**WHAT TO WORK ON:** Starting with the line that includes "体育资讯7月10日报道宣称 在此前结束的", write out every remaining line of the records below exactly as it appears, leaving out any images.

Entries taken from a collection
++++
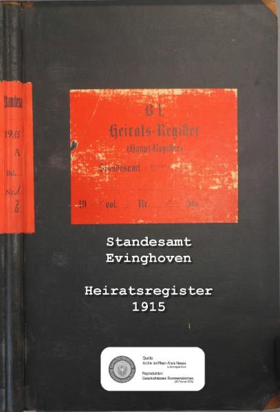 aktuell14:18, 22. Mär. 2013Vorschaubild der Version vom 14:18, 22. Mär. 20131.613 × 2.376, 3 Seiten (419 KB)KlausErdmann (Diskussion • Beiträge){{Information |Beschreibung = ;Standesamt Evinghoven :Alphabetisches Namenverzeichnis zum Heiratsregister 1915 |Quelle = Archiv im Rhein-Kreis Neuss |Urheber = |Datum = 1915 |Scans = Klaus Erdmann ''(Repro
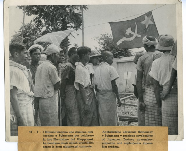 Birmani partecipano a una riunione antifascista a Pyinmana. Le bandiere inglesi e sovietiche troneggiano sopra le armi confiscate ai giapponesi
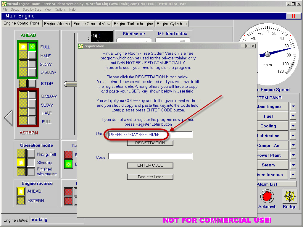 1. Virtual Engine Room - Free Student Version can't be used for the commercial purpose.
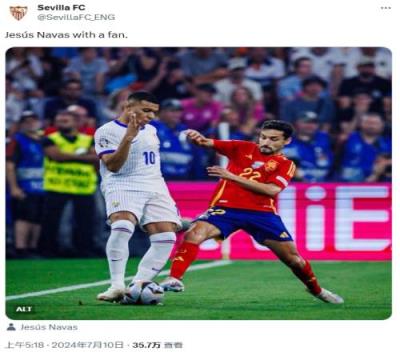 体育资讯7月10日报道宣称 在此前结束的2024欧洲杯半决赛中,西班牙以2-1的比分逆转击败法国,晋级决赛。本场比赛效力于塞维利亚队38岁老将纳瓦斯在防守端一定程度上限制了法国队长姆巴佩的发挥。
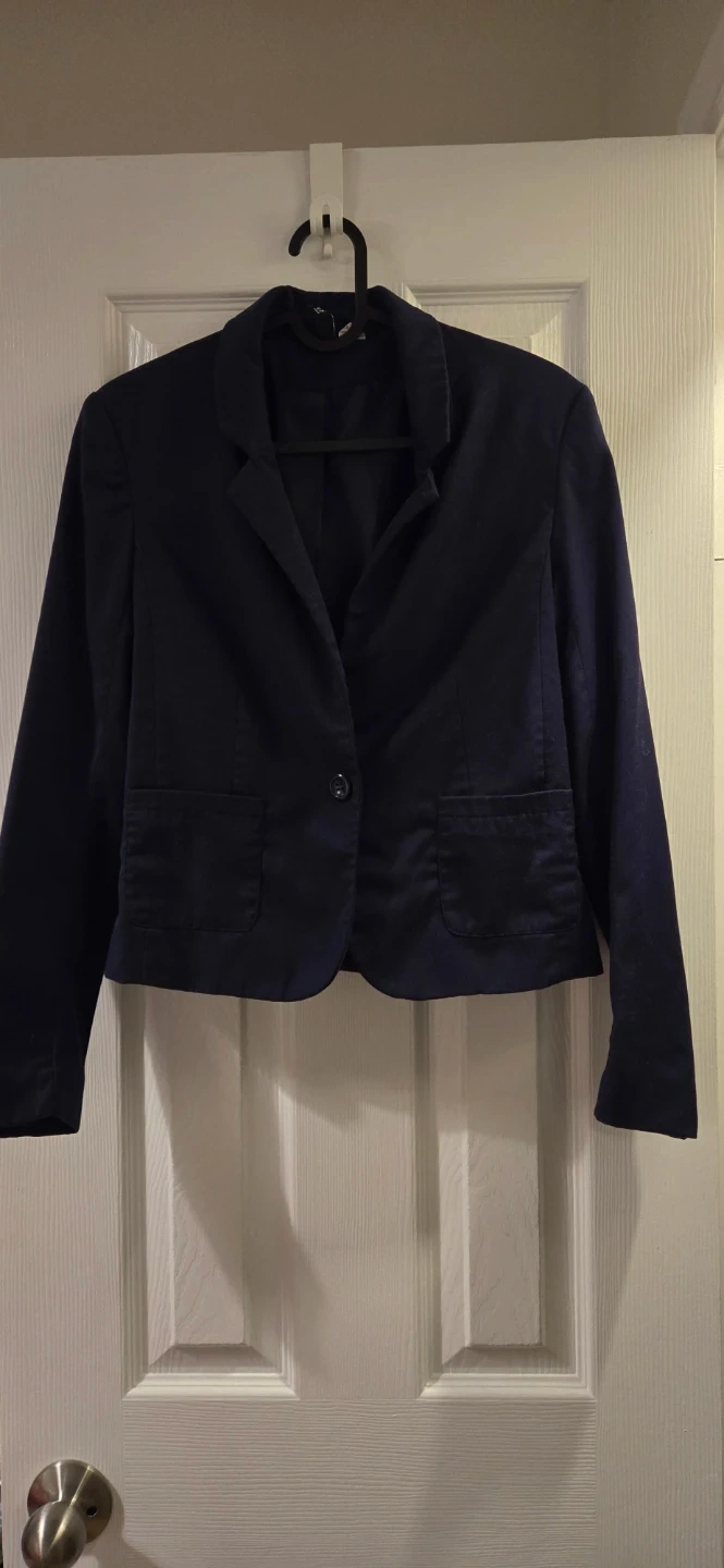 675A navy blue cropped blazer. It's in good condition. Size 6, fits like a SM
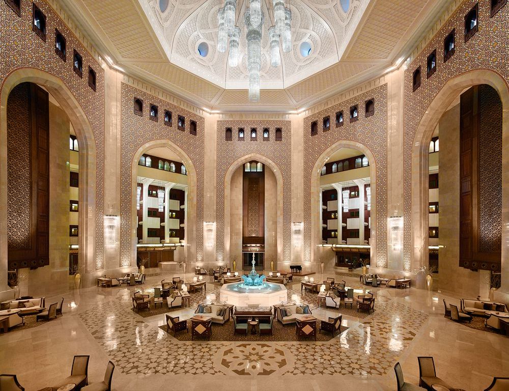 Com um pé direito de 39 metros e um lustre com 5.5 toneladas de cristais, o lobby do All Bustan Palace, atual Ritz Carlton Hotel, em Mascate, Omã (Emirados Árabes) impressiona. É a sensação de entrar num palácio das mil e umas noites dos contos árabes.
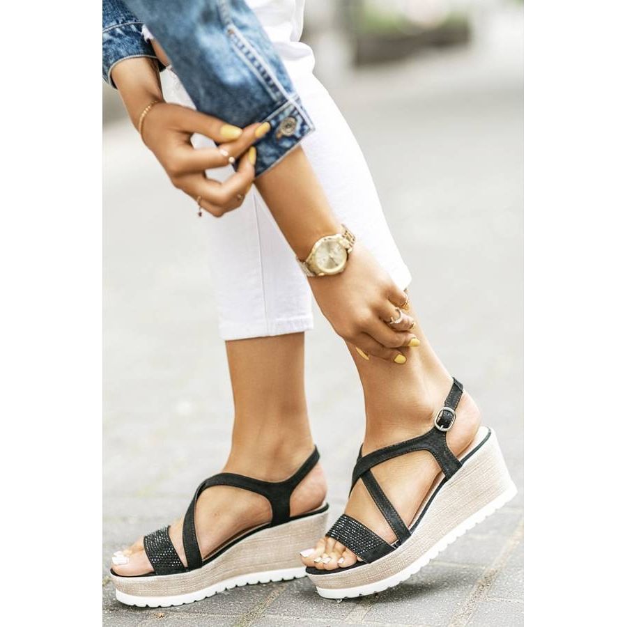 A Sadie fekete ékszandálja tökéletes választás azoknak a nőknek, akik értékelik a stílust és a kényelmet egyaránt. Ezeket az elegáns platformszandálokat a fekete flitterekkel borított elülső pánt jellemzi, amely egyedi varázst ad nekik, és tökéletes kiegészítője lehet bármilyen nyári stílusnak.
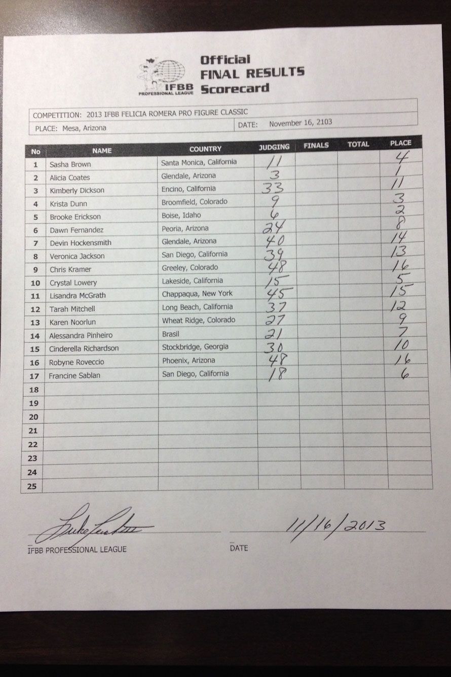 2013 IFBB Felicia Romero Pro Official Results November 16, 2013Articles SHARE Facebook Twitter Pinterest NPC NEWS ONLINE – Breaking News: Official Scorecard for the IFBB Felicia Romero Pro Figure Classic
++++
**TASK ANSWER:**
 体育资讯7月10日报道宣称 在此前结束的2024欧洲杯半决赛中,西班牙以2-1的比分逆转击败法国,晋级决赛。本场比赛效力于塞维利亚队38岁老将纳瓦斯在防守端一定程度上限制了法国队长姆巴佩的发挥。
 675A navy blue cropped blazer. It's in good condition. Size 6, fits like a SM
 Com um pé direito de 39 metros e um lustre com 5.5 toneladas de cristais, o lobby do All Bustan Palace, atual Ritz Carlton Hotel, em Mascate, Omã (Emirados Árabes) impressiona. É a sensação de entrar num palácio das mil e umas noites dos contos árabes.
 A Sadie fekete ékszandálja tökéletes választás azoknak a nőknek, akik értékelik a stílust és a kényelmet egyaránt. Ezeket az elegáns platformszandálokat a fekete flitterekkel borított elülső pánt jellemzi, amely egyedi varázst ad nekik, és tökéletes kiegészítője lehet bármilyen nyári stílusnak.
 2013 IFBB Felicia Romero Pro Official Results November 16, 2013Articles SHARE Facebook Twitter Pinterest NPC NEWS ONLINE – Breaking News: Official Scorecard for the IFBB Felicia Romero Pro Figure Classic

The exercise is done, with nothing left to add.